Maine nonprofit's humanitarian work in Africa jeopardized by Trump's dismantling of USAID

Yahoo05-02-2025
Feb. 4—A Maine nonprofit's multimillion-dollar federal grant that helps combat malaria in African countries is in jeopardy because of the Trump administration's efforts to eliminate the U.S. Agency for International Development.
The Trump administration is attempting to dismantle USAID, which provides humanitarian relief in many countries around the world.
Chris Schwabe, president and CEO of Hallowell-based MCD Global Health, said the nonprofit's work in Mozambique, Uganda and Niger is in a state of flux. MCD has a five-year, $27 million USAID federal grant for its humanitarian work in Africa.
"We have not been told to terminate the project," Schwabe said. "We've been told to stop work."
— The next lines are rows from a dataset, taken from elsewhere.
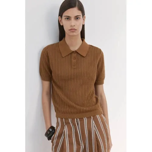 Deze Mango gebreide top van katoen is een rustige basic met subtiele details voor elke dag. De top is gemaakt van 100% katoen en voelt zacht en luchtig aan op de huid. De fijngebreide ajourstof en het ingebreide patroon geven het rechte ontwerp net wat extra karakter. In combinatie met de polokraag en korte mouwen ontstaat een aangesloten model dat mooi aansluit zonder te strak te zitten.Verfijnde details voor iedere dag Gemaakt van 100% katoen, voor een zachte en ademende touch Fijngebreide ajourstof met subtiel ingebreid patroon Aangesloten pasvorm met rechte mouwen voor een nette look Polokraag met voorsluiting en drie knopen Bruine effen kleur, gemakkelijk te combineren Geribde boorden die de vorm mooi laten aansluiten Geen zakken, voor een rustig en strak vooraanzichtEen top voor jouw dagelijkse momentenDeze bruine gebreide top past goed in je dagelijkse garderobe. Draag de top in het voorjaar op een lichte jeans of een chino, of combineer met een rok voor een iets gekledere uitstraling. De korte mouw en ademende stof maken het een geschikte optie voor mildere dagen.Mango: modieuze basics met een eigentijdse twistMango staat bekend om moderne collecties die trends op een toegankelijke manier vertalen naar draagbare items. Met aandacht voor pasvorm en details biedt Mango kleding die geschikt is voor alledaagse momenten, maar ook voor iets specialere gelegenheden.Een veelzijdige gebreide top die moeiteloos meebeweegt met jouw dag.
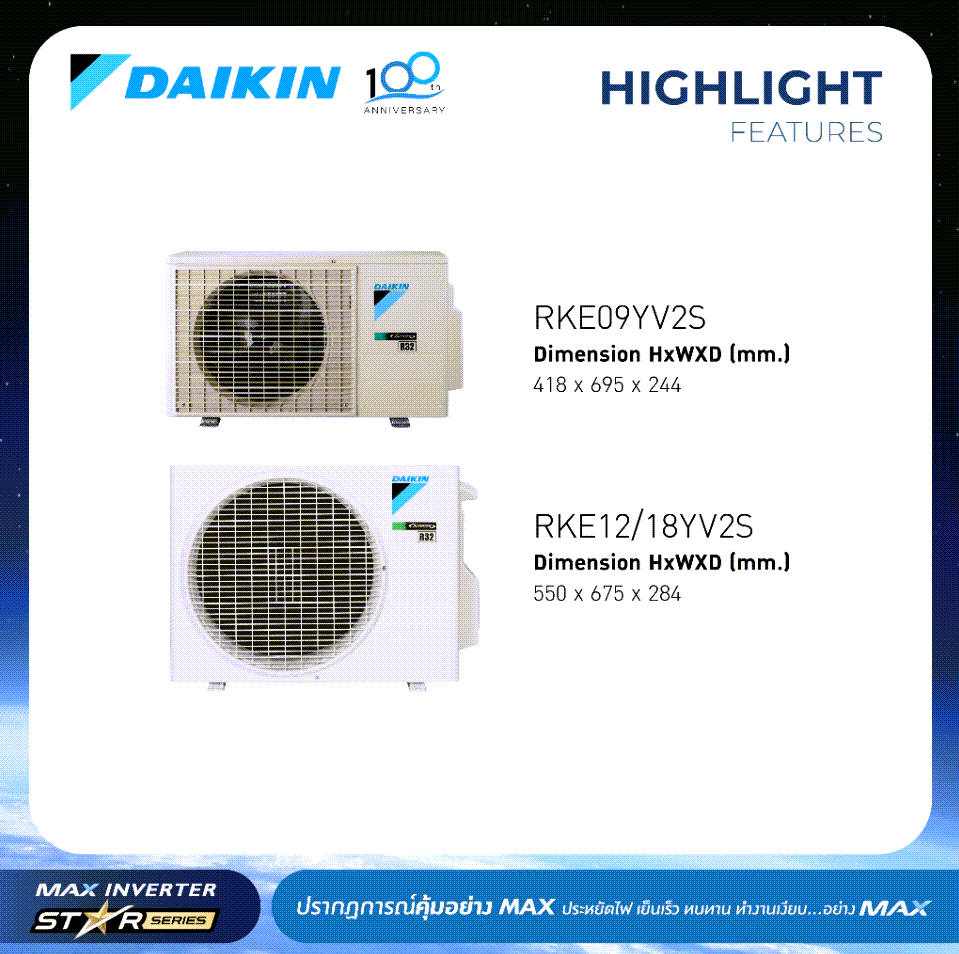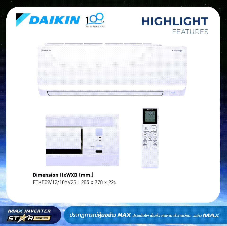 Daikin MAX INVERTER (STAR KE SERIES) FTKE-Y 9000-18000 BTU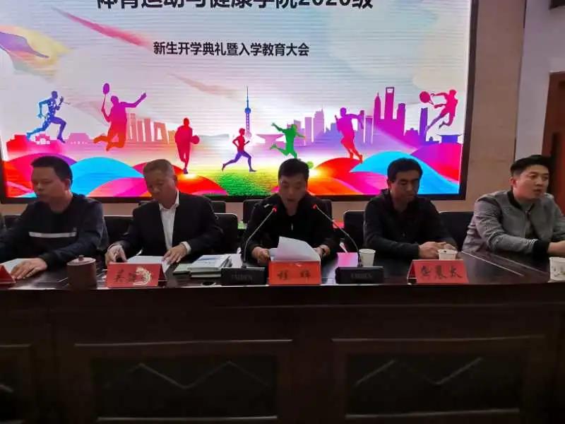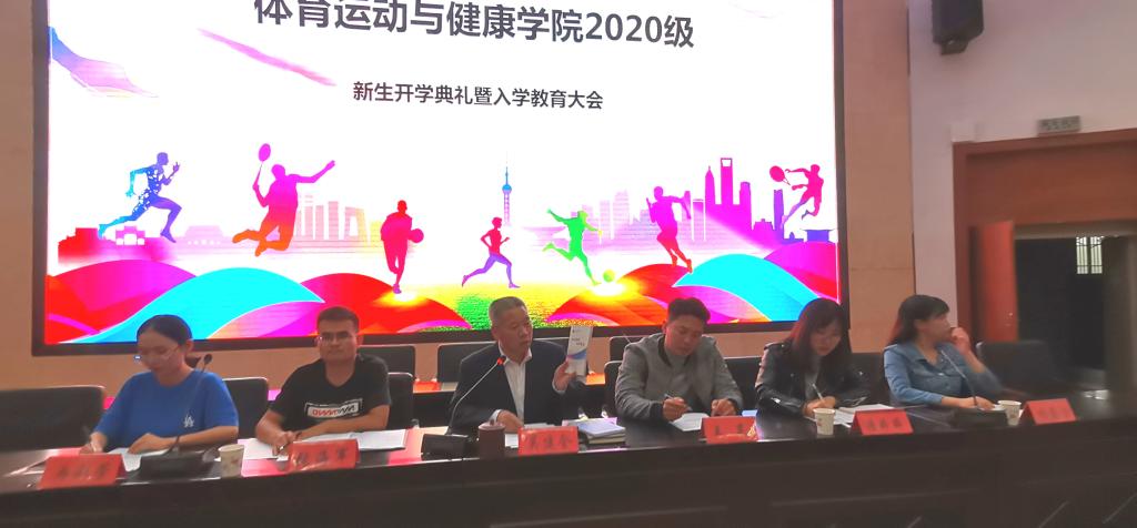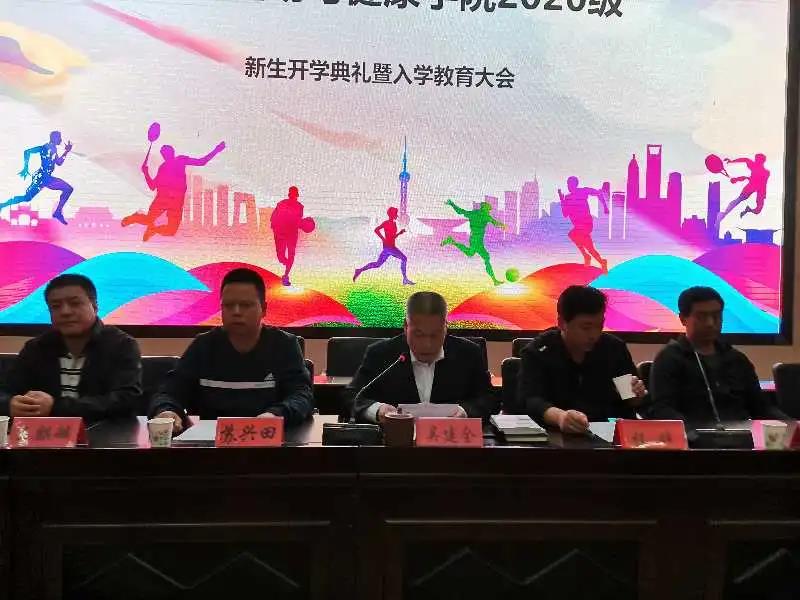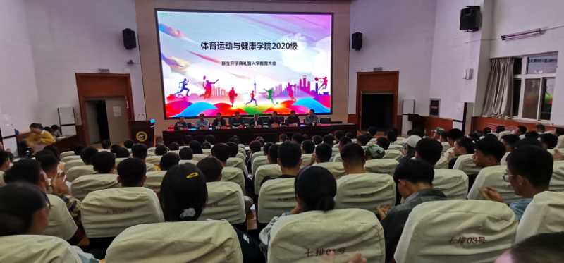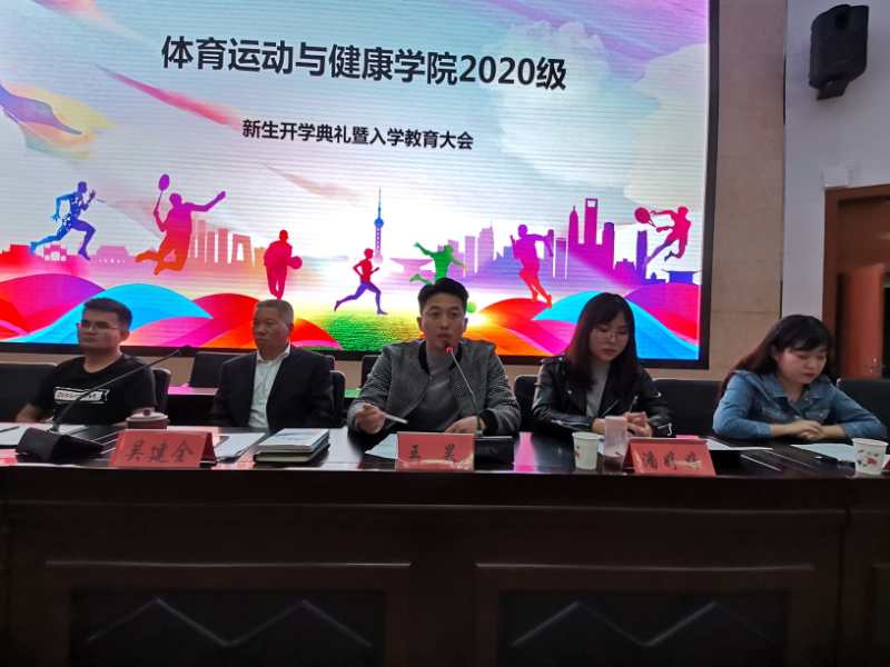 春华秋实,桂果飘香。为欢迎来自甘肃、广东、天津等19个省市(自治区)的215名新同学加入体育学院大家庭,9月23日晚在二号报告厅隆重举行2020级新生开学典礼暨入学教育大会。学院党总支副书记吴建全,副院长程晖,副院长苏兴田,运动训练系系主任王麒麟,社会体育指导与管理系系主任龚晨太,体育教育系系主任高海利,学院团委书记王昊,办公室副主任马慧琼,2020级各班班主任,教师代表段文义,辅导员以及2020级全体学生参加,典礼由学院党总支副书记吴建全主持。

Though the Trump administration's efforts to dismantle USAID have caused MCD's work to fight malaria in Africa to come to a halt, Schwabe hopes the move will be temporary.
MCD is the primary nonprofit for malaria relief in Mozambique and assists other agencies in Uganda and Niger with the prevention, treatment and diagnosis of malaria.
"If we are not able to timely diagnose children and pregnant women and treat them with low-cost and effective drugs, the illness and death toll is going to be staggering," Schwabe said. "It's a virulent infection that, if you take your foot off the pedal of trying to control it, it will rebound."
If access to the funding is not restored, MCD would lose its 34 staff members in Mozambique and its 20 staffers split between Uganda and Niger. MCD itself would not shutter, as about 80% of its efforts to promote public health are based in Maine.
Meanwhile, thousands of USAID employees have been put on leave and locked out of their offices, and the agency may be folded into the State Department.
Trump, without evidence, told national reporters Sunday that USAID is "being run by a bunch of radical lunatics" and praised billionaire Elon Musk's efforts to hobble the $40 billion agency. Musk is heading up the new Department of Government Efficiency, which operates out of a White House office and is attempting to cut services across the federal bureaucracy.
However, many legal scholars and Democratic politicians are calling the move illegal, as USAID was created during the Kennedy administration in the 1960s by a law, so they contend Congress would have to pass another law to dismantle the agency. If the Trump administration attempts to permanently end USAID without going through Congress, lawsuits are likely.
Schwabe said that in addition to humanitarian relief, the work done by USAID spreads goodwill in these countries and helps retain the United States' international position of global influence. Retreating from humanitarian aid could allow other countries, like China and Russia, to gain more influence in these countries, many of which contain essential natural resources, he said.
Rep. Chellie Pingree, D-1st District, in a news conference Tuesday in Maine, called the moves by Trump and Musk — including the USAID hobbling — "blatantly unconstitutional" and "illegal."
Sen. Angus King, I-Maine, signed on to a letter by 36 other Democratic senators to Secretary of State Marco Rubio to lambaste the takeover of USAID as "brazen and illegal."
Schwabe said he is "mystified" by the sudden attack on what had long been noncontroversial efforts to provide humanitarian relief.
"Since the Kennedy administration, there has been bipartisan support, year in and year out, for USAID," he said.